I read it had a thruster to help with the landing, but it failed. The harpoons failed, too.
Sounds like its sitting there and will probably be fine as long as nothing disturbs it.
Any landing you can float away from is a good one.
Not directional thrusters, but one to hold it down while the ice screws establish a firm grip.
Critical to mission success is the lander's ability to hold onto the rock, dust and ice at landing. As there was a real risk of the lander bouncing off the comet, harpoons, landing leg ice screws and thrusters needed to work in concert to ensure Philae stayed in place. Apart from the harpoon system failing, another component of the landing system did not operate -- the cold gas thrusters. These thrusters were designed to push the lander into the cometary surface on landing.Rosetta's Lander Grabs Onto Comet and Lands : Discovery News
Yep, nothing like stating the obvious: “The lander has to survive all of the bounces for the landing to be a success.”

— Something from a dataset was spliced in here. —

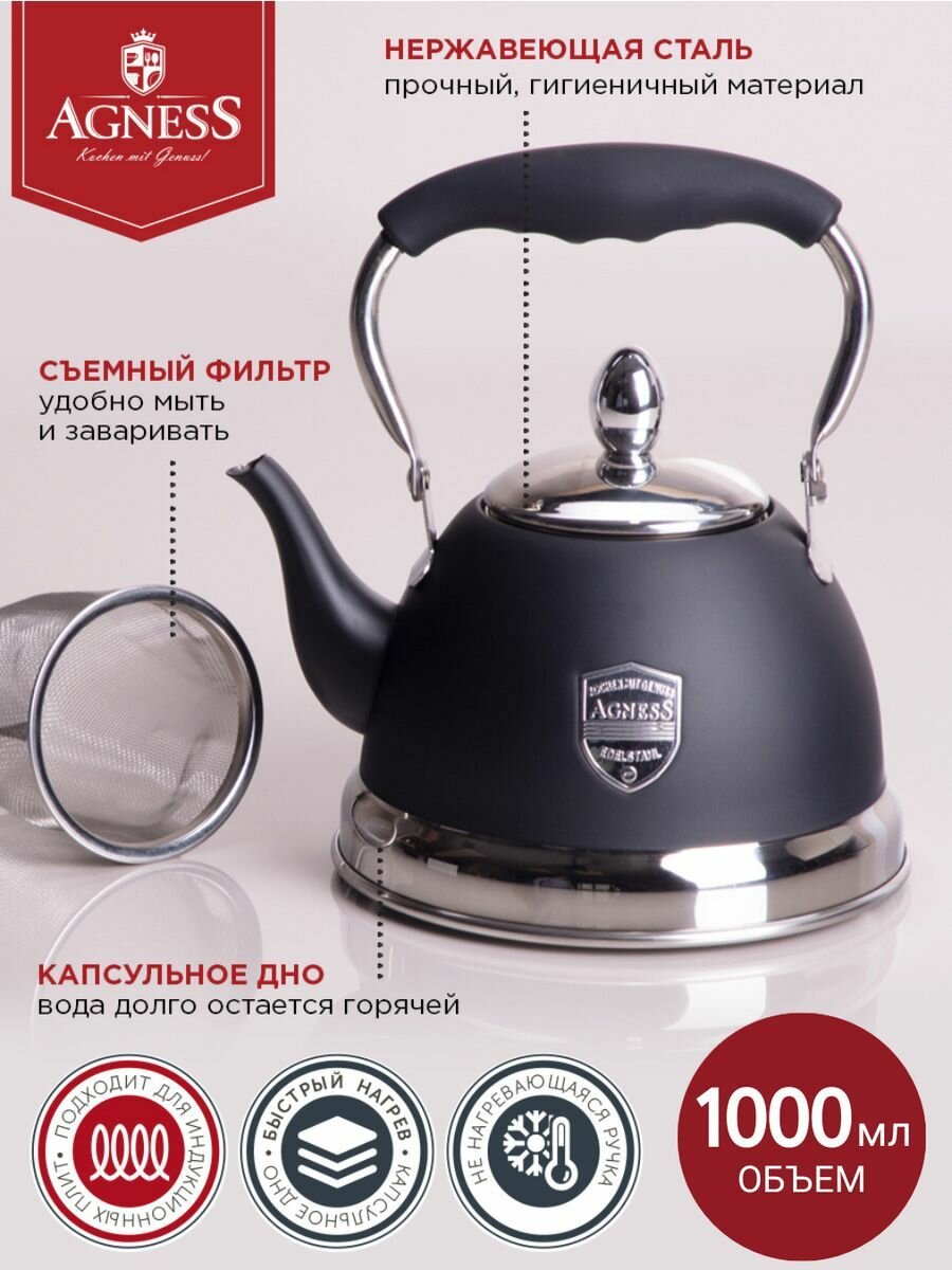 Чайник Agness с фильтром, 1 л индукционное капсульное дно и складывающейся ручкой
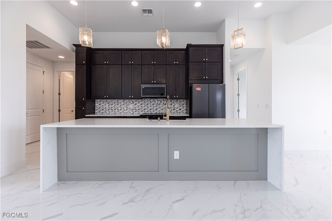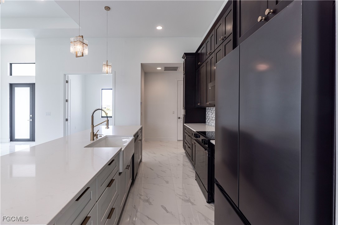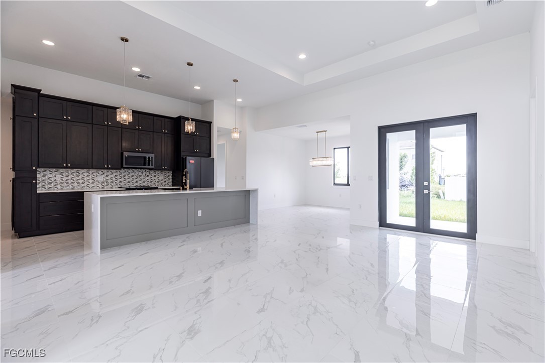 Welcome to this stunning 3-bedroom, 1-den, 2-bathroom home offering 1,732 square feet of thoughtfully designed living space. Step through impressive 8’ impact-rated double front doors into a welcoming foyer that leads into the spacious open floor plan. The bright luxurious living space is perfect for entertaining and everyday living! The kitchen boasts 9-4' Plywood cabinetry, a large center island with quartz countertops and waterfall quartz edges, complete with black on black matte finish Samsung appliances. Soaring 13’ ceilings in the great room and 9’4” to 12’ ceilings throughout the home create an open airy feel. The flexible layout includes a 4th bedroom that can easily serve as a home office. The master suite offers two walk-in closets and an en-suite bath with dual vanity sinks and a walk-in shower with multiple showerheads. At the back, 8’ impact-rated double doors lead out to a private tiled lanai ideal for entertaining, with plenty of room for a pool. Additional features include a 2-car garage with 8 ft high grade door, and large format tile flooring throughout. Don’t miss your chance to live in this stylish and functional home — schedule your visit today! SAMPLE PHOTOS*

Does the EU not know about duct tape?
That still leaves my question unanswered: why would it bounce (as opposed to deflect off into space)? The harpoon and the thrusters were the only systems that seemed to allow the robot to return to the surface after impact, should the robot fail to immediately anchor itself in, and neither are working. The screws would help the craft stick the landing, but wouldn’t seem to be of any help if it bounced.
I'd bet it gets thrown off from a change in the comet's rotational axis from the loss of mass.
Assuming the anchors never imbed.
I wonder if a low power ion thruster would have been feasible to hold the craft down?
The comet has some gravity. The lander bounced because the grappling and thruster malfunction, while it landed on shock absorbers.